Published: 10 September, 2020 10:22 IST | PTI | Jaipur

According to the team of doctors treating the newborn, this is possibly a first-of-its-kind case in the world where one person has been diagnosed with two rare disorders.

This picture has been used for representational purpose
This picture has been used for representational purpose

In what doctors said is probably a first-of-its-kind case in the world, a newborn has been diagnosed with two rare genetic diseases at a government hospital in Jaipur. The baby has been diagnosed with Pompe disease and Spinal Muscular Atrophy (SMA), a doctor at J K Lone Hospital said on Wednesday. While Pompe disease is a rare inborn error of metabolism, SMA is a disorder affecting the nervous system.
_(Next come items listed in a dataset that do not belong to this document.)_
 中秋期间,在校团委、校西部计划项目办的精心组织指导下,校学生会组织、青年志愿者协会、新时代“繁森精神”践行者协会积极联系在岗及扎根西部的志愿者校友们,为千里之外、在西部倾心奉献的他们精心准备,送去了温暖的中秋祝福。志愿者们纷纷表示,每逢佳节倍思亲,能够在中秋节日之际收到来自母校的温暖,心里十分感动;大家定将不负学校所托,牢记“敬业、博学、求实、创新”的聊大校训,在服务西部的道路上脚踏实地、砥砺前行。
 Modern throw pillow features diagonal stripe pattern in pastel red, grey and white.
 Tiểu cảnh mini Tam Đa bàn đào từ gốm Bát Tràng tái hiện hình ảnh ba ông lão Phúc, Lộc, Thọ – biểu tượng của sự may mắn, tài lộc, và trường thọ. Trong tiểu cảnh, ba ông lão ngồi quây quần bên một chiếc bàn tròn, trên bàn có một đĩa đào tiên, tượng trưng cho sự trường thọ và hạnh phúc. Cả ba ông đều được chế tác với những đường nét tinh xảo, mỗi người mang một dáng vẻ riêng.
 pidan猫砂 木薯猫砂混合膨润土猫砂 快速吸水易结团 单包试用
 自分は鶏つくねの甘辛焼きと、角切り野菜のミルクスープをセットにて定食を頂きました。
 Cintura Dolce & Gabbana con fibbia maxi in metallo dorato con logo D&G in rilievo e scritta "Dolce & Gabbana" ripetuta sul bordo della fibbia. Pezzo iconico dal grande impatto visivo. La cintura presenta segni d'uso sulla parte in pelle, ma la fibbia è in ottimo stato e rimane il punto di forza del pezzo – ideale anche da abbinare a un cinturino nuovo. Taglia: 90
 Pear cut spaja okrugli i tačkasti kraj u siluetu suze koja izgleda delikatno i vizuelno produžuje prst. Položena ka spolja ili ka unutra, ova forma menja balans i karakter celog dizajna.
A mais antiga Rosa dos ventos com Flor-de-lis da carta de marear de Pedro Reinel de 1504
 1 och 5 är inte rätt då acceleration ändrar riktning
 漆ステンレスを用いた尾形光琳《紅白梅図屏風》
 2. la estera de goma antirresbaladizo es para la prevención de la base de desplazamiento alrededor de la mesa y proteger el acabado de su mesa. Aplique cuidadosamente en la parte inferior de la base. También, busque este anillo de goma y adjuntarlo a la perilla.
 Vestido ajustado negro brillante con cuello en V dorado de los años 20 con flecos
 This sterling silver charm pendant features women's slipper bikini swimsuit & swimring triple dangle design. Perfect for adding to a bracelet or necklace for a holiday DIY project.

According to the team of doctors treating the newborn, this is possibly a first-of-its-kind case in the world where one person has been diagnosed with two rare disorders. No such case can be found in the available medical literature. The baby boy, who is 44 days old as on Wednesday, was referred from a hospital in Agra few days back with complaints of gradually progressive fast breathing and decreased movement of lower limbs, said Dr Priyanshu Mathur, who is part of the three-member team treating the newborn.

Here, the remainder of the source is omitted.